Posted by on Aug 29, 2016 in Ashtanga Yoga, Yoga Philosophy, Yoga Teacher Training

personal yoga philosophy (1)

The philosophy of yoga gives meaning to the practice as it guides the seeker inwards towards the wisdom and peace inside. By studying the ancient texts of yoga philosophy we learn that the mind, body and spirit are all one, inseparable. We learn that there are many different tools like meditation, pranyama, asana practice and certain rules of living, Yamas and Niyamas, we can use when we explore our inner world.

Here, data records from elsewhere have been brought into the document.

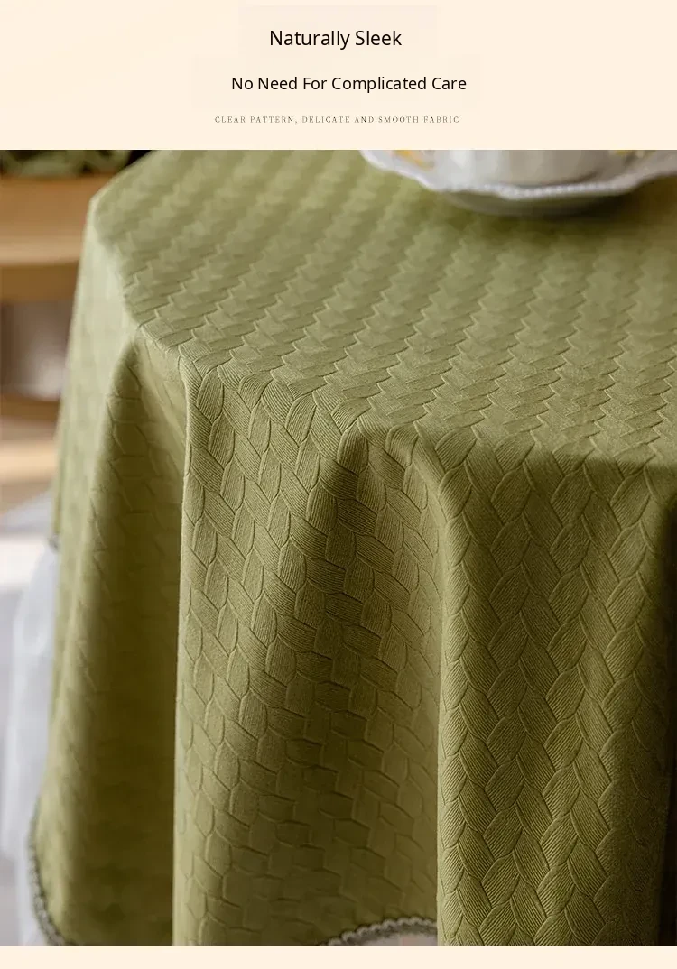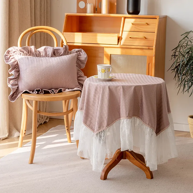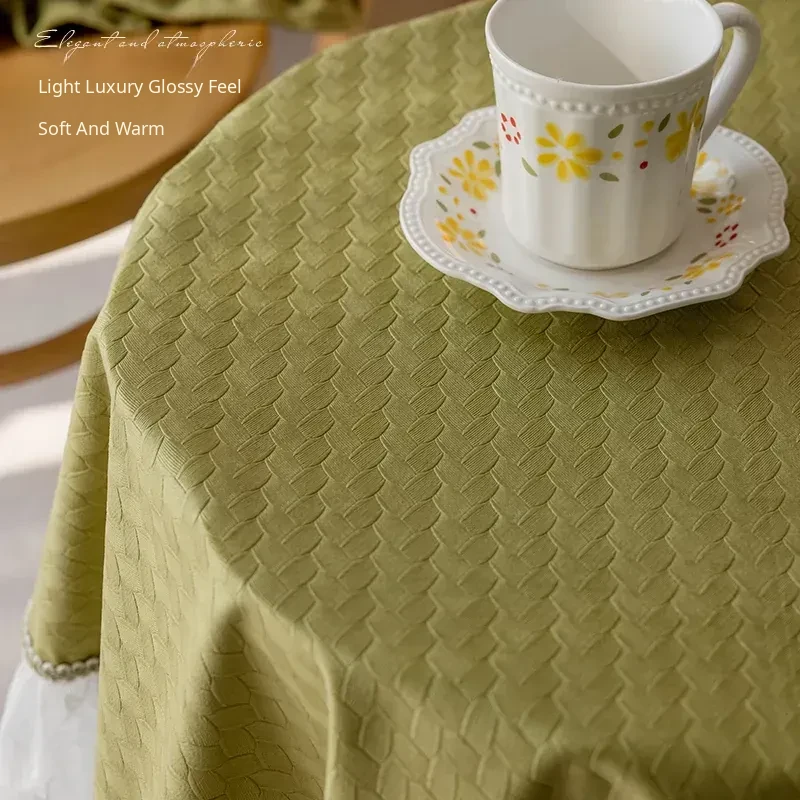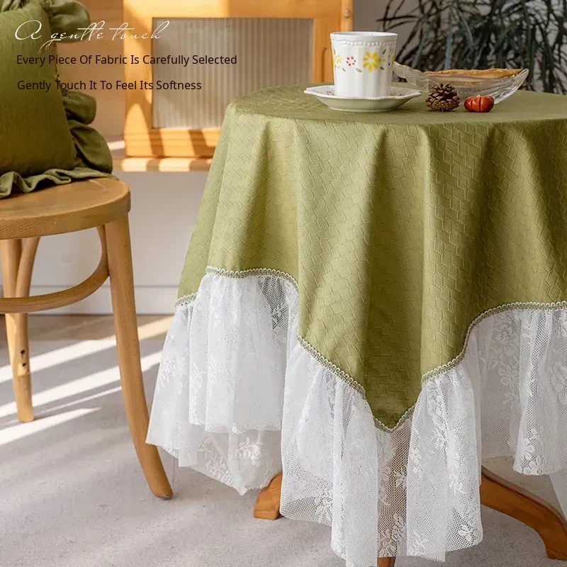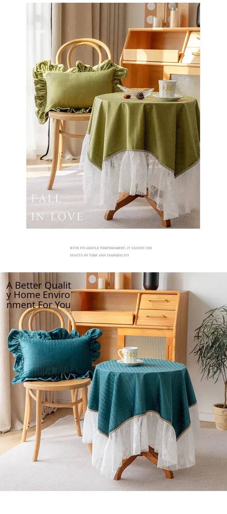 Elegant European Lace Round Tablecloth in Cream - Luxurious Cotton-Linen Cover for Coffee Tables and Dining Tables, Perfect for a Chic Home Décor Upgrade.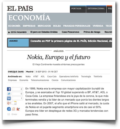 El País publica hoy en su sección de Economía un artículo mío titulado «Nokia, Europa y el futuro» (ver en pdf), en el que hago un paralelismo entre la evolución de Nokia y el futuro de Europa en lo referente a la tecnología.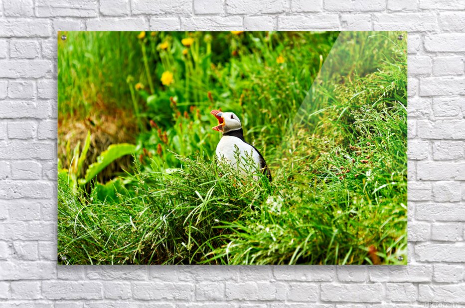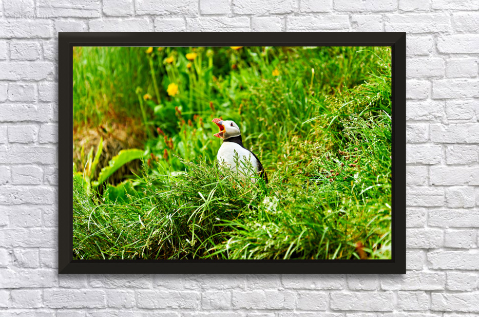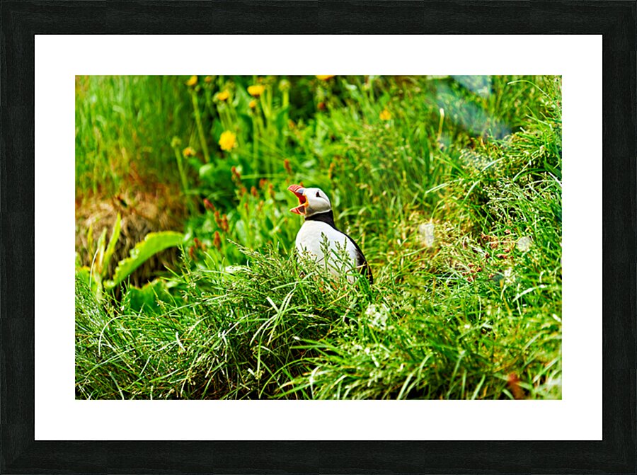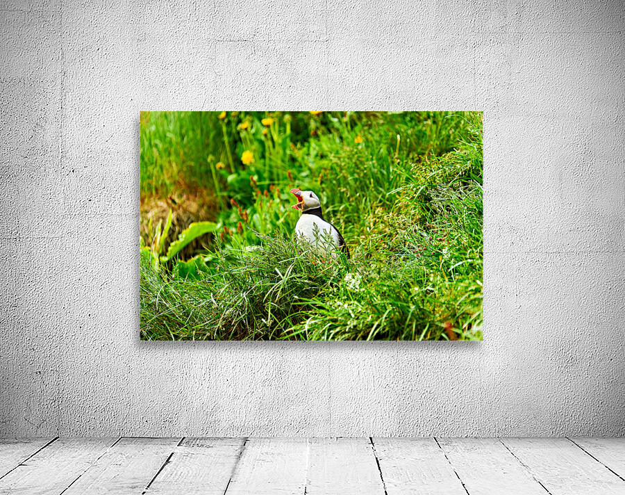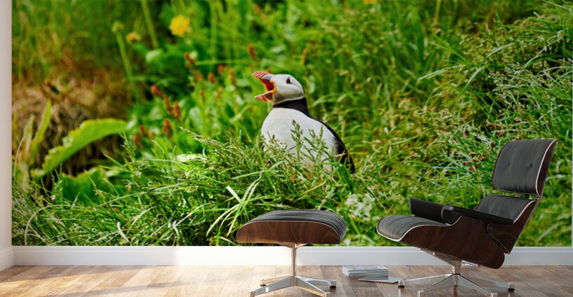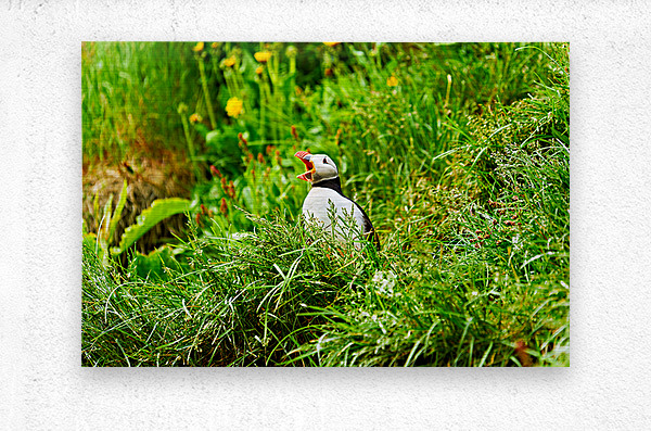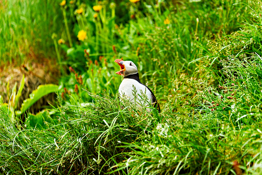 A puffin stands among green grass and flowers in Borgarfjordur Eystri. It calls loudly showing its bright beak.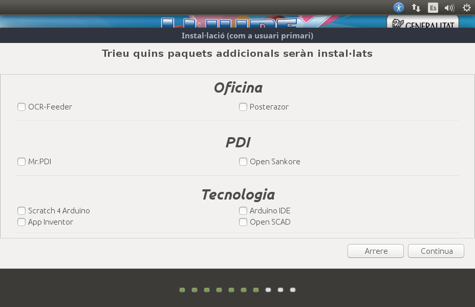 Si volem instal·lar programari addicional en la instal·lació inicial ho podem fer ací. Podem instal·lar aquests paquets a posteriori si volem: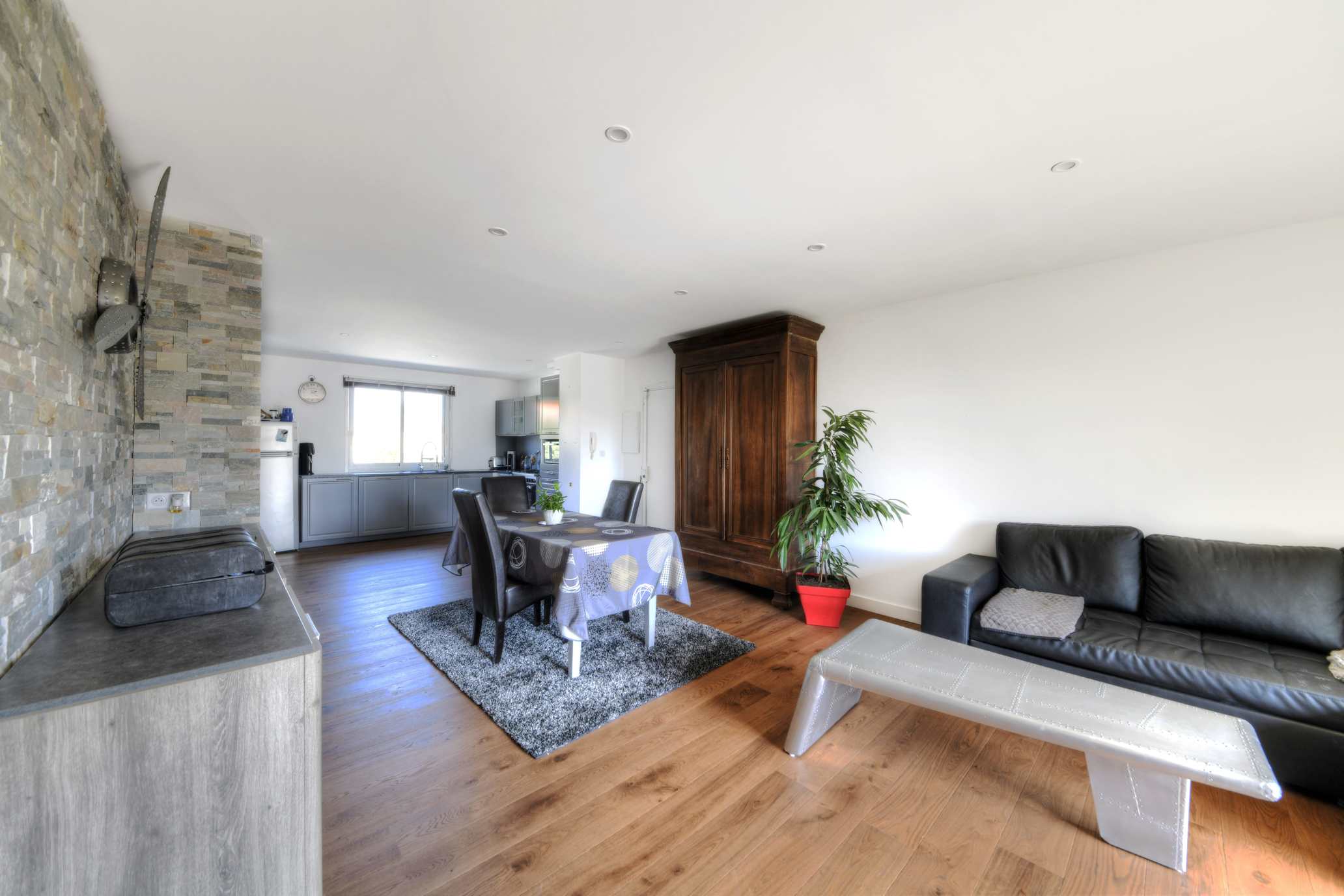 Le but de ce projet était de redonner une seconde vie à cet appartement. Nous avons cassé les cloisons pour ouvrir les espaces, nous avons posé du parquet contrecollé pour rendre le lieu plus chaleureux. Nous avons également posé au mur de la pierre de parement et nous avons changé toute la cuisine.

With a constant yoga practice we will connect to that inner world, our authentic voice and start to listen deeply.

One of the first steps to be able to authentically share the yoga practice with others is to have a personal yoga philosophy.  A personal statement with a description of who we are, what yoga means to us in our life, what motivates us and in what way we want to motivate and share yoga with others.

All our students write their own personal yoga philosophy as a requirement for the 200 hour yoga teacher training program. From the first day in the program they start to work on what will be their personal yoga philosophy. The written statement is a work in progress that will change as we change when we gain deeper insights in our yoga journey. Below is a purpose statement written by one of our recent students from one of our programs in Ostional, Nicaragua.

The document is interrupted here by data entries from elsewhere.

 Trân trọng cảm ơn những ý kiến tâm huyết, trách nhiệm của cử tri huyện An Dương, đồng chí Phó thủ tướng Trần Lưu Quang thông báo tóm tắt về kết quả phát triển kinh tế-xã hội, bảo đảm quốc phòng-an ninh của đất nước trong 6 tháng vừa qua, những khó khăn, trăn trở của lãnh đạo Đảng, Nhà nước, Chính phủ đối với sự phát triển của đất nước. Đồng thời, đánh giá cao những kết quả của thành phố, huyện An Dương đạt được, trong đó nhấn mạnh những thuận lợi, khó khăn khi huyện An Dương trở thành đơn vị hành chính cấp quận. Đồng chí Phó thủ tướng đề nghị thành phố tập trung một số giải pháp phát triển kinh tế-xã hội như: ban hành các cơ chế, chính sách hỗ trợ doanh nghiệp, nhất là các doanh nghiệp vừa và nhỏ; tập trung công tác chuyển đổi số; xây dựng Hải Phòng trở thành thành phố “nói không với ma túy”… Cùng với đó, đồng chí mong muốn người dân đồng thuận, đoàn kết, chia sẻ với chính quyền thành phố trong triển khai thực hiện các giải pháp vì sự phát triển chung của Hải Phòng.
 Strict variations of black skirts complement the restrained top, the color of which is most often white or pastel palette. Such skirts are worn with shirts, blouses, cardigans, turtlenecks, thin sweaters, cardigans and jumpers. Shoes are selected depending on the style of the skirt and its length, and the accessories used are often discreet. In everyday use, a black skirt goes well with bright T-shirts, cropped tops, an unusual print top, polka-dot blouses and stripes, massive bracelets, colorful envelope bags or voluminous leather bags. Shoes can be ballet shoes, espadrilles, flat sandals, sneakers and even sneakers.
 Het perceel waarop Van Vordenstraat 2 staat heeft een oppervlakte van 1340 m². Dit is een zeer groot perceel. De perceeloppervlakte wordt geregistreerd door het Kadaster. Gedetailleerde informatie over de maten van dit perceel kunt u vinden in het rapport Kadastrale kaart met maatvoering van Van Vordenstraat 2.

“Yoga is many things to different people. Some people were born into a yogic lifestyle and grew up with the practice, while others only find it later on in life. Some do it for the pure physical benefits while others do it to find peace and balance in their lives. Through my years of practicing and discovering, one thing I have found is that, regardless of the initial intent, all paths will lead to all of the above benefits (and more).

I have never been a deeply religious person due to the way I was raised. I believe its because of this reason that I found my spiritual dedication to yoga; my new personal ‘church’. Typically beginners fear the unknown; the belief that the practice of yoga requires specific out-of-body powers, deep spirituality and an ability to contort ones body into strange shapes. The truth is an individual doesn’t need to belong to anything or believe in any certain thing. In fact you don’t need to believe in anything except for the powers you possess yourself. This is probably one of the biggest challenges people face today. The notion that they are not good enough, not flexible enough, not calm enough, not strong enough, the list goes on and on. The simple thing about yoga is to get on your mat. No matter when you start or where you are in your life, if you have a desire to change and the willingness to learn, there are so many people ready to teach and to learn from you.

An obstacle we face in this modern world is time. We all live extremely busy lives and being able to make it to ones mat while keeping ones gaze and focus inward each day is extremely challenging, but it is because of this challenge that allows our practice to grow. It’s the meditative flow of Ashtanga yoga that provides us the tools for keeping our gaze inward. Reflecting on something as simple as the breath, the mind transcends to higher states, where the mysteries of power and energy are contemplated.

The clarity and freedom I have personally found in yoga has indeed changed my world and the way I look at it. I have no desire to force it upon anybody but merely have the desire to share it with the hopes that they too will experience this bliss.”